FangirlCath et Wren sont des jumelles inséparables. Fans de Simon Snow, elles passent leur temps sur les forums consacrés à l’auteur. Mais la passion de Cath a tellement pris le pas sur sa vie que Wren lui annonce l’impensable : cette année, à la fac, elles feront chambre à part. L’une est prête à renoncer à ses rêves pour profiter dignement des joies de la vie estudiantine. L’autre est soudain projetée dans un univers hostile dans lequel tout le monde ses profs, sa famille et sa colocataire méprise la fanfiction. C’est alors qu’elle tombe sous le charme d un obsédé de la littérature…


Il est des livres qui traînent dans votre PAL pendant des mois sans que vous ayez le courage de vous y mettre quand, soudain, Isa vous apprend qu’elle est en train de le lire et vous proposez une lecture commune pour vous donner du coeur à l’ouvrage. J’avais récupéré ce roman parce qu’on m’en avait dit le plus grand bien et, pourtant, il partait avec handicap chez moi : je n’aime pas le YA à de très rares exceptions près, je ne lis plus de fanfiction depuis 10 ans (et j’en ai lu dans des circonstances très particulières) et si j’apprécie l’univers de Harry Potter, dont est clairement inspiré Simon Snow, je n’en suis pas une inconditionnelle.

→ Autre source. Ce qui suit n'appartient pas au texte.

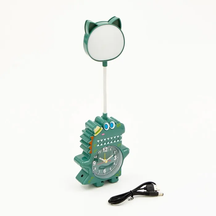 Часы - лампа представлены в ярком дизайне в форме динозаврика, они отлично впишутся в ваш интерьер. Интерьерные часы со светильником станут прекрасным декором для дома и дачи, их можно поставить как на прикроватную тумбочку в спальне, детской комнате, гостиной так и на стол или на комод в зале, холле или на кухне. Часы можно использовать в качестве ночника или офисной лампы на столе школьника.
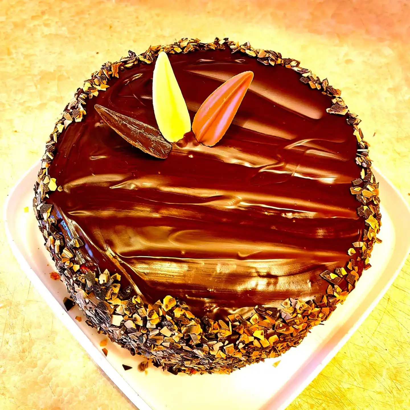 Шоколадный бисквит пропитанный сиропом с хорошим коньяком, шоколадный крем с абрикосовым кремом, сверху два слоя шоколадной глазурию Заказ от 2 кг.
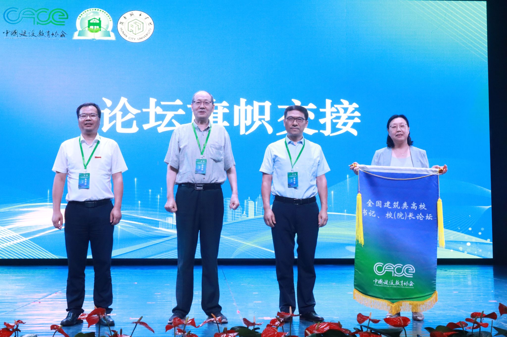 在闭幕式阶段,大发官方版网站登录入口党委副书记袁志成、中国建设教育协会副理事长高延伟、中国建设教育协会普通高等教育工作委员会秘书长陈红兵和下一届承办单位青岛理工大学党委常委、副校长岳丽宏进行了会旗交接。
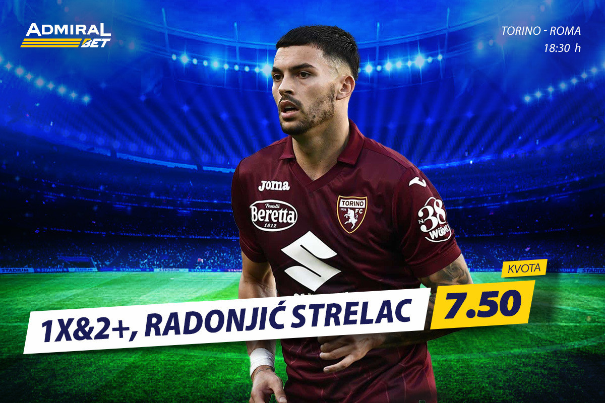 Potom je u 18.30 na programu zanimljiv duel između Torina i Rome. Na jedno strani biće VMS, Ilić i Radonjić, a na drugoj Nemanja Matić. AdmiralBet izdvaja Nemanju Radonjića kao strelca uz tip 1X&2+, kvota je čak 7,50.

Les cinquante premières pages ont été difficiles : j’avais envie de prendre l’héroïne pour la secouer comme un prunier et la faire réagir. Mais fort heureusement, des personnages du roman s’en sont chargés à ma place et… tout s’est enchaîné. Passé ce début un peu difficile, j’ai beaucoup accroché à l’histoire, mais aussi à la façon dont l’héroïne fait revivre ses personnages préférés. L’auteur dépasse très vite la description de la “fangirl” justement pour élaborer une réflexion sur ce qui peut pousser quelqu’un à s’absorber dans un monde imaginaire qui n’est pas le sien, et nous livre un très joli récit initiatique sur le passage de l’enfance à l’âge adulte.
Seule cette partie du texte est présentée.